## [Provided records]
★ ★ ★ ★ ★
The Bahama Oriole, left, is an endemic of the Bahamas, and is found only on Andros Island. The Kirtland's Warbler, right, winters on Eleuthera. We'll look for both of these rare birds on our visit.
★ ★ ★ ★ ★
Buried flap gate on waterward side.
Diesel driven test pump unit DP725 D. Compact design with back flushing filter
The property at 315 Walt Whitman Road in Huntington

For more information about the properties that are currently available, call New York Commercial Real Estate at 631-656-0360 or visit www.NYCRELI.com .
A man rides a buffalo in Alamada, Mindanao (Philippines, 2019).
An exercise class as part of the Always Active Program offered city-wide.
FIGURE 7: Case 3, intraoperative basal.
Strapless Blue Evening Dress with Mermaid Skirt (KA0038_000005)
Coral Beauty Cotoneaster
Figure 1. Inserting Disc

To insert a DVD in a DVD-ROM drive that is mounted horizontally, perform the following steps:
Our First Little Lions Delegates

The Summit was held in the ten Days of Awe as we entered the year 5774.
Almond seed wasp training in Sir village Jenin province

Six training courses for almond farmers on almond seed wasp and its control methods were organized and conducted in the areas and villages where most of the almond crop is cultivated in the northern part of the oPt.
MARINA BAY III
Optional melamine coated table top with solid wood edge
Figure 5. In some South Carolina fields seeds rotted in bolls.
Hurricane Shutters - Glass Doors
★ ★ ★ ★ ★
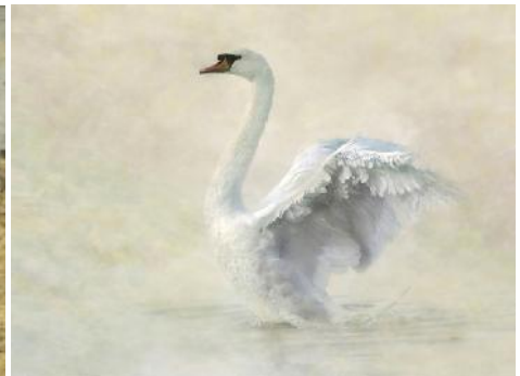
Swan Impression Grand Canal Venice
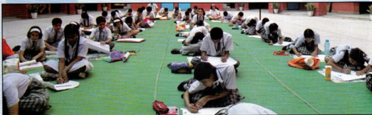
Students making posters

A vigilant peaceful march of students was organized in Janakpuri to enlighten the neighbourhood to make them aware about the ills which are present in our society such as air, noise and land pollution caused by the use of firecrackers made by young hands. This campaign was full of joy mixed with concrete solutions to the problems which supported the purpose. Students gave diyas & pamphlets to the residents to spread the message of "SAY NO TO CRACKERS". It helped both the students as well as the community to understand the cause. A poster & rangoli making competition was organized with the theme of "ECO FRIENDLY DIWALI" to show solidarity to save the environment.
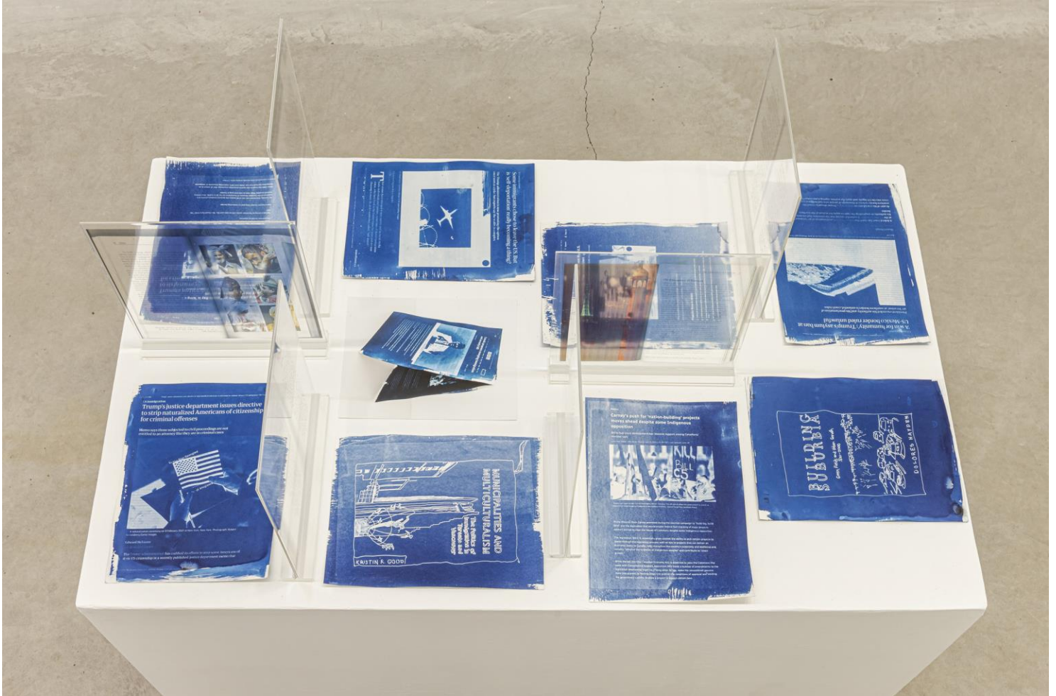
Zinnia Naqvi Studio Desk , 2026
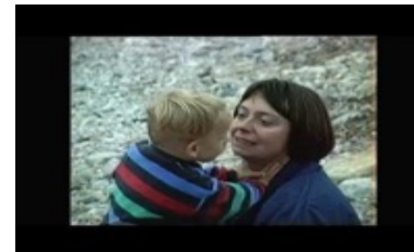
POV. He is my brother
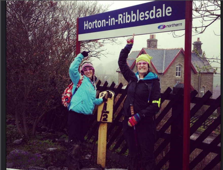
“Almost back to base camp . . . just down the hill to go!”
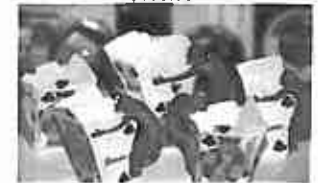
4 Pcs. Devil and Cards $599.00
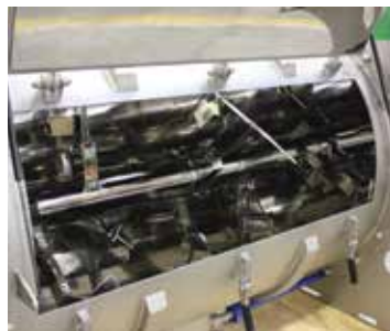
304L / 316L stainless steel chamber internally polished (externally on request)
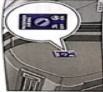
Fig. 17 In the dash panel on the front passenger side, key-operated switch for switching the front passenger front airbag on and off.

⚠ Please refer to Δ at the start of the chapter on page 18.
★ ★ ★ ★ ★
## [What is needed]
From the records above, copy only the lines starting with the line that holds "Coral Beauty Cotoneaster" and going on through the line that holds "MARINA BAY III", exactly as written.

## [Solution to the exercise]
Coral Beauty Cotoneaster
Figure 1. Inserting Disc

To insert a DVD in a DVD-ROM drive that is mounted horizontally, perform the following steps:
Our First Little Lions Delegates

The Summit was held in the ten Days of Awe as we entered the year 5774.
Almond seed wasp training in Sir village Jenin province

Six training courses for almond farmers on almond seed wasp and its control methods were organized and conducted in the areas and villages where most of the almond crop is cultivated in the northern part of the oPt.
MARINA BAY III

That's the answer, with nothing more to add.